Dylan was about to object to being driven around, but it hurt to talk, and even climbing up into the seat made him sweat.
“He told me that agents interview
ed Lupe Wrangler. She was seen retiring last night a little after eleven and her staff confirmed she ate breakfast at six at her home. She provided access to her cook and housekeeper and driver. All corroborated her version of events.”
“Lying,” said Dylan, and he winced.
“Well, then so is her family. She met with one of her daughters in the morning and the caterers for a gala that PAN is having in the fall. She’s got a solid alibi.”
Dylan shook his head. It didn’t happen that way. He had seen her. But when? Early Saturday morning in the hours before she had breakfast? He didn’t know what time he’d woken on that patio beside Meadow. The smoke had been so thick it might have been morning or night.

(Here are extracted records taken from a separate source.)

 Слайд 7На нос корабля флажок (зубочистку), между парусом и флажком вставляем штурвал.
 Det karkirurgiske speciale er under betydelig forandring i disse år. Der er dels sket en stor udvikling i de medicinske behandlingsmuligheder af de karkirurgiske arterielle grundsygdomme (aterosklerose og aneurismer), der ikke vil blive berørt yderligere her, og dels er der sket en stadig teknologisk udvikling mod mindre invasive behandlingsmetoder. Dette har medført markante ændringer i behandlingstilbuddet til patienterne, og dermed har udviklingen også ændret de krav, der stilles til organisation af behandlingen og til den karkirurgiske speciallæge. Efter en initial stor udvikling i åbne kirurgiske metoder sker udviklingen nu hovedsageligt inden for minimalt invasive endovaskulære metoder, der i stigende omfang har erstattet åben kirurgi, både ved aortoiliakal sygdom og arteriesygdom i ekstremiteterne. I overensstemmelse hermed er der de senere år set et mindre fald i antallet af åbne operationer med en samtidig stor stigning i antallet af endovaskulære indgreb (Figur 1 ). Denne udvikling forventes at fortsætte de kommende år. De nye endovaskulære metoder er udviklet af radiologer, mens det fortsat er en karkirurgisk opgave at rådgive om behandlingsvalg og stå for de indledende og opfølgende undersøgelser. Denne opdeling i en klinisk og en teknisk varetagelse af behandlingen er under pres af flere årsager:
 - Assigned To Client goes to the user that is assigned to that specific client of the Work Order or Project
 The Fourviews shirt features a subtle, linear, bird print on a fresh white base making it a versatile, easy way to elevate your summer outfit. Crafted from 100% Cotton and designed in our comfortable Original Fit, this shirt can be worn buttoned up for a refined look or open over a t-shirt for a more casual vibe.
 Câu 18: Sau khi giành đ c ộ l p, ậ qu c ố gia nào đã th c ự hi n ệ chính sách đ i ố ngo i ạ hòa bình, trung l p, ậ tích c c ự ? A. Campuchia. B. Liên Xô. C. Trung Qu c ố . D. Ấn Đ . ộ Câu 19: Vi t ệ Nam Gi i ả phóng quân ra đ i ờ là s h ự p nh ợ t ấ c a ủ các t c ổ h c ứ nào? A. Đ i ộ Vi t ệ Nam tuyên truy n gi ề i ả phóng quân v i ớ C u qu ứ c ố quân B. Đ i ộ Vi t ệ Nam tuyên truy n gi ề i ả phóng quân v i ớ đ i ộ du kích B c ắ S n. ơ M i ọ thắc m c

“How’d she get from the fire to Flagstaff?” asked Jack. “She never passed the roadblock.”
“Helicopter? Meadow’s father picked us up outside the rez in one.” Dylan had to hold his throat against the pain and felt the blood soaking through the bandages.
“Maybe. I’ll ask Forrest to do some checking. She can’t cover flight records.”
“Want to bet?” asked Dylan. He climbed into the passenger side and buckled up, waiting with impatience for Jack to get them moving. Then he realized he didn’t know where to start.
“Any ideas?” asked Jack.
Dylan bowed his head to think. Who would know something and be willing to tell them?
“She told me Katrina looked out for her when they were kids.”
“Where does she live?”
“I don’t know.”
Jack started typing on his computer. In a few minutes the database search provided Katrina’s vehicle registration, violations, and property.
“Katrina likes to drive too fast,” said Jack.
Dylan leaned in and found her residential address. “Let’s go.”
The drive to Phoenix seemed endless. Finally they pulled up before the complex. Katrina’s posh apartment was located on the top floor. Jack’s badge got them access, but Katrina knew they were coming.
She met them at her door and escorted them to her living room, glancing several times over her shoulder toward the kitchen.